● YOUR OBJECTIVE
Pick each line that has "with" out of the records.

● INPUT
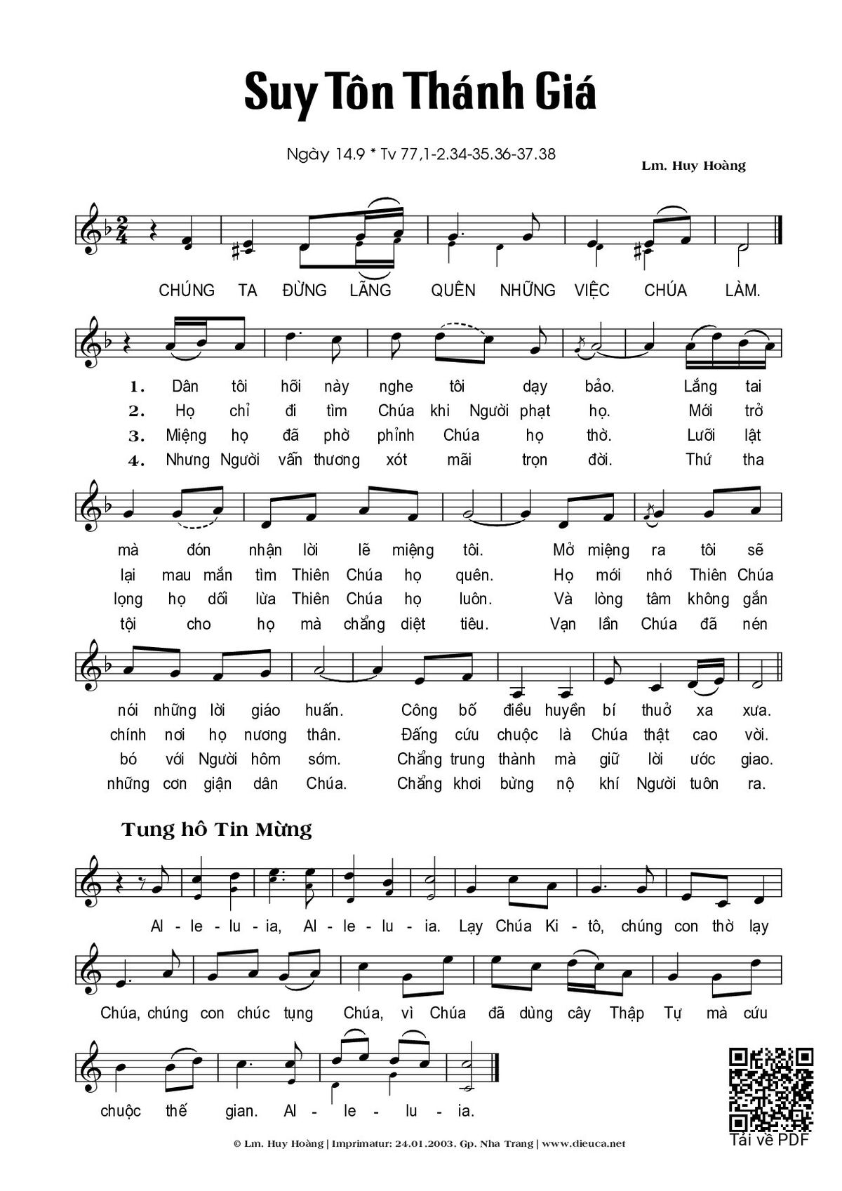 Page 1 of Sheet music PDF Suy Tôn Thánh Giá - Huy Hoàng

==

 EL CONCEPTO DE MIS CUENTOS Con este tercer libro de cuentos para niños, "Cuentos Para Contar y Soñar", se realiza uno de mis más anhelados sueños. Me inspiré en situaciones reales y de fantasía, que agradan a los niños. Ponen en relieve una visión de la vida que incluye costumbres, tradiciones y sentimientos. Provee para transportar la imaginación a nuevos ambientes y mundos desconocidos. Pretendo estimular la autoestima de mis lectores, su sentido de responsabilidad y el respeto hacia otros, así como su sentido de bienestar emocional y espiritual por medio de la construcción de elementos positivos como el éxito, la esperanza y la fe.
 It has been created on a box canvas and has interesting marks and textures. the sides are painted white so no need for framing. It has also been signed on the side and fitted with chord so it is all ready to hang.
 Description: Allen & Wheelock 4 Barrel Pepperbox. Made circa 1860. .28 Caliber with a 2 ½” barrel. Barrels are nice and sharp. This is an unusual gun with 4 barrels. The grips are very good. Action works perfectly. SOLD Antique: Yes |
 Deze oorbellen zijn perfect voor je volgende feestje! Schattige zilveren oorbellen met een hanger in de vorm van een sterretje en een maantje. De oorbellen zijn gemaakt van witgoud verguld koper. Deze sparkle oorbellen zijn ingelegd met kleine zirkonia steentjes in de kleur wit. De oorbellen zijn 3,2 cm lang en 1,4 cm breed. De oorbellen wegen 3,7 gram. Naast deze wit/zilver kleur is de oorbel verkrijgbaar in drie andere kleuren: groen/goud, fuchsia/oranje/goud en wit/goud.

==

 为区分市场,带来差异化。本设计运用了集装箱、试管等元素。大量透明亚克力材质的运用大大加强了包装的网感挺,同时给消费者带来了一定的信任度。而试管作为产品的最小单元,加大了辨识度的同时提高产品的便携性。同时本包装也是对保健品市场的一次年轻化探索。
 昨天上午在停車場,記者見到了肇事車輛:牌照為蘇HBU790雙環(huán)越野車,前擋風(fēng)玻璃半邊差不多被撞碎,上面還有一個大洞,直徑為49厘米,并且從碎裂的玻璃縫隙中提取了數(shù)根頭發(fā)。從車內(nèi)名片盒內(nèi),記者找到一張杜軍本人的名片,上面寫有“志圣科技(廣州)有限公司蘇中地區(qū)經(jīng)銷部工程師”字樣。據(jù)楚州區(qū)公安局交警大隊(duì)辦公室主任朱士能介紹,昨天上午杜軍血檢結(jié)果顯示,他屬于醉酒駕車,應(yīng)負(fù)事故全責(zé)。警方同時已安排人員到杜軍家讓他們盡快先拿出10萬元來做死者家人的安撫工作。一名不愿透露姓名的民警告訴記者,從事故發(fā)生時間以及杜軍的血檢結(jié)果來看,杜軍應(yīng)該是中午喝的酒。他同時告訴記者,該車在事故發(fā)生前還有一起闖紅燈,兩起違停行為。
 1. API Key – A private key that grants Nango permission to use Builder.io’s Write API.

● ANSWER FOR THE TASK
 It has been created on a box canvas and has interesting marks and textures. the sides are painted white so no need for framing. It has also been signed on the side and fitted with chord so it is all ready to hang.
 Description: Allen & Wheelock 4 Barrel Pepperbox. Made circa 1860. .28 Caliber with a 2 ½” barrel. Barrels are nice and sharp. This is an unusual gun with 4 barrels. The grips are very good. Action works perfectly. SOLD Antique: Yes |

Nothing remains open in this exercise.